SPHINX: Search Space-Pruning Heterogeneous Task Scheduling for Deep Neural Networks

Published in ACM ICPP 2024, 2024

Recommended citation: Bowen Yuchi, Heng Shi, and Guoqing Bao, "SPHINX: Search Space-Pruning Heterogeneous Task Scheduling for Deep Neural Networks", In Proceedings of the 53rd International Conference on Parallel Processing. Association for Computing Machinery, New York, NY, USA, 524-533. https://doi.org/10.1145/3673038.3673155 https://doi.org/10.1145/3673038.3673155

Given the tendency of increasingly heterogeneous AI systems and the large workload scale of deep neural networks (DNNs), there is an urgent demand for model scheduling to improve execution performance in heterogeneous computational systems. However, this is very challenging because the task scheduling under the high-dimensional search space is an NP-hard problem. Existing works either schedule under naive search spaces without simplifications or oversimplifies the optimisation, which is hard to strike a balance between efficiency and optimality.

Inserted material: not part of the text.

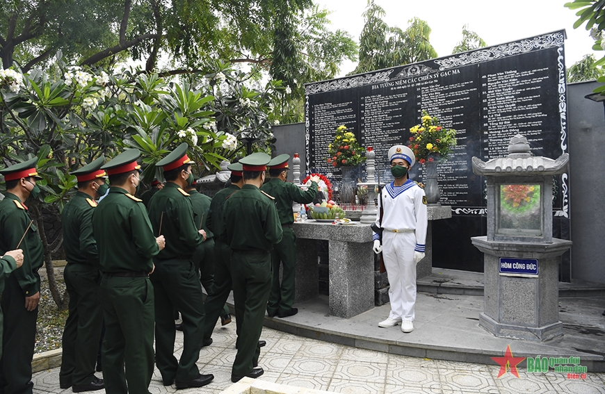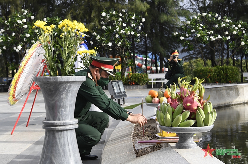 Tiếp sau đó, đoàn đã tới dâng hương tại khu mộ gió nơi ghi danh 64 chiến sĩ Gạc Ma-những người đã hiến dâng cả tuổi thanh xuân của mình cho sự nghiệp bảo vệ Tổ quốc.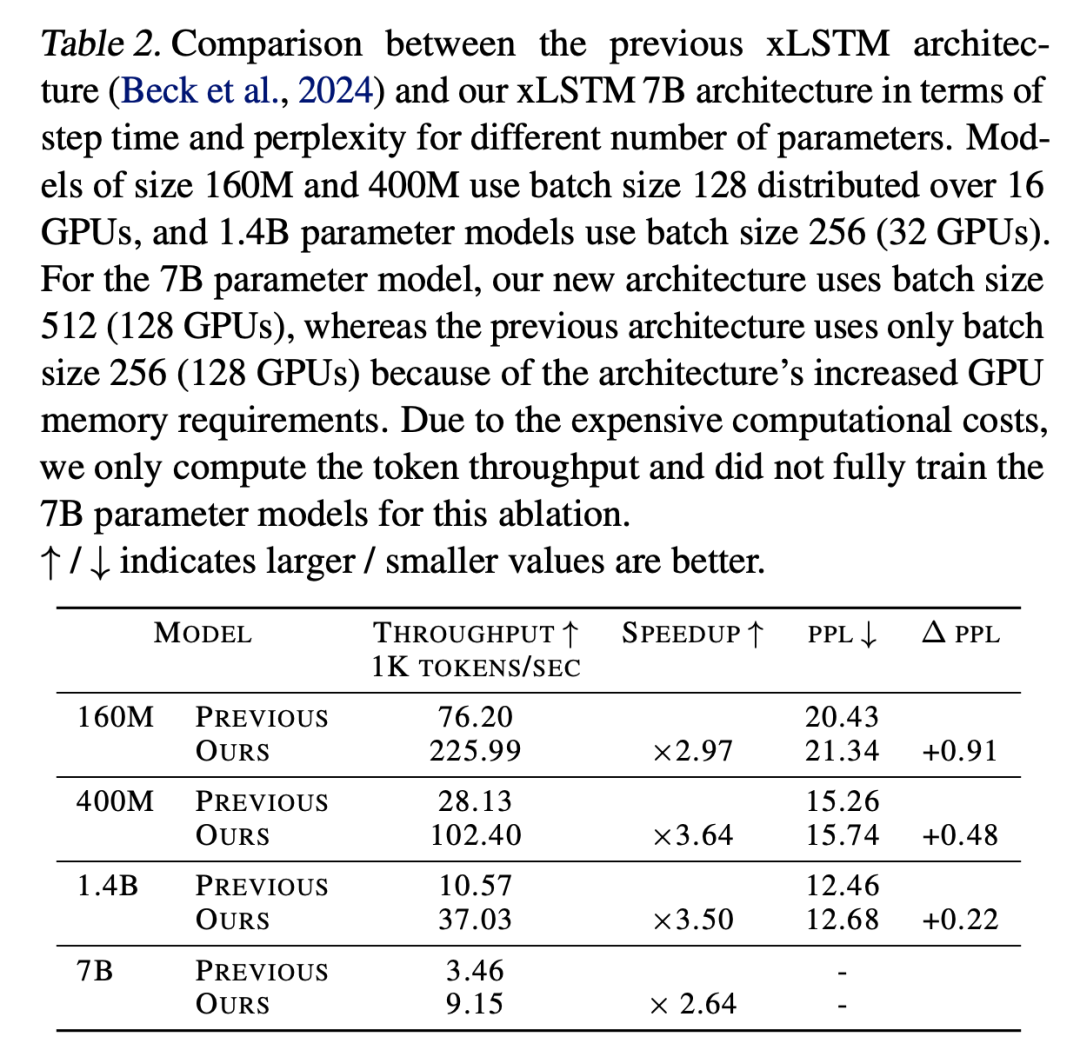 然而,xLSTM 在扩展至更大参数规模时存在限制,推理速度和效率具体如何也没做系统测评。

To address the aforementioned challenges, we propose SPHINX, an efficient and novel search space-pruning heterogeneous task scheduling engine to improve the DNN execution performance. The search space can be reduced by taking the prior knowledge of the model structures into account, and a cost model has been developed to guide the search process. In combination with our novel search method, named Critical Path Genetic Algorithm (CPGA), the search efficiency and stability can be significantly improved resulting in higher performance of DNN execution. The SPHINX engine is implemented based on the Multi-Level Intermediate Representation (MLIR) dialect, making it scalable and reusable within existing AI compilers. We examine the SPHINX engine with six popular deep neural networks across different heterogeneous scenarios, and the results prove the SPHINX engine can outperform existing state-of-the-art works with up to 1.44 × speedup. Compared to other search-based methods, our method converges faster and can boost the search speed by 23.6-35.5 ×.